SEX: Not yet. Still waiting for the right person.
DESIRED POSITION: Company’s President or Vice President. But seriously, whatever’s available. If I was in a position to be picky, I wouldn’t be applying here in the first place.
DESIRED SALARY: $185,000 a year plus stock options and a Michael Ovitz style severance package. If that’s not possible, make an offer and we can haggle.
EDUCATION: Yes.
LAST POSITION HELD: Target for middle management hostility.
SALARY: Less than I’m worth.
MOST NOTABLE ACHIEVEMENT: My incredible collection of stolen pens and ‘post-it’ notes.
REASON FOR LEAVING: It sucked.
AVAILABLE FOR WORK: Of course. That’s why I’m applying.
PREFERRED HOURS: 1:30 – 3:30pm., Monday, Tuesday and Thursday.
DO YOU HAVE ANY SPECIAL SKILLS?: Yes, but they’re better suited to a more intimate environment.
MAY WE CONTACT YOUR CURRENT EMPLOYER?: If I had one, would I be here?
DO YOU HAVE ANY PHYSICAL CONDITIONS THAT WOULD PROHIBIT YOU FROM LIFTING UPTO 50lbs?: 50lbs. of what?
DO YOU HAVE A CAR?: I think the appropriate question here would be “Do you have a car that runs?”
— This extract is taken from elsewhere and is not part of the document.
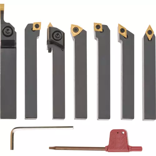 Supplied with right hand and left hand turning/facing tool holders, the set is complimented with one threading and cut-off tool too.

HAVE YOU RECEIVED ANY SPECIAL AWARDS OR RECOGNITION?:
I may already be the winner of the Publishers Clearinghouse Sweepstakes.
DO YOU SMOKE?: On the job, no, on my breaks, yes.
WHAT WOULD YOU LIKE TO BE DOING IN FIVE YEARS?: Living in the Bahamas with a fabulously wealthy dumb blond supermodel who thinks I’m the greatest thing since sliced bread. Actually, I’d like to be doing that now.
DO YOU CERTIFY THAT THE ABOVE IS TRUE AND COMPLETE TO THE BEST OF YOUR KNOWLEDGE?: Yes. Absolutely.
SIGN HERE: Aries. _________________ Chris Stevens You get what you expect, so expect success!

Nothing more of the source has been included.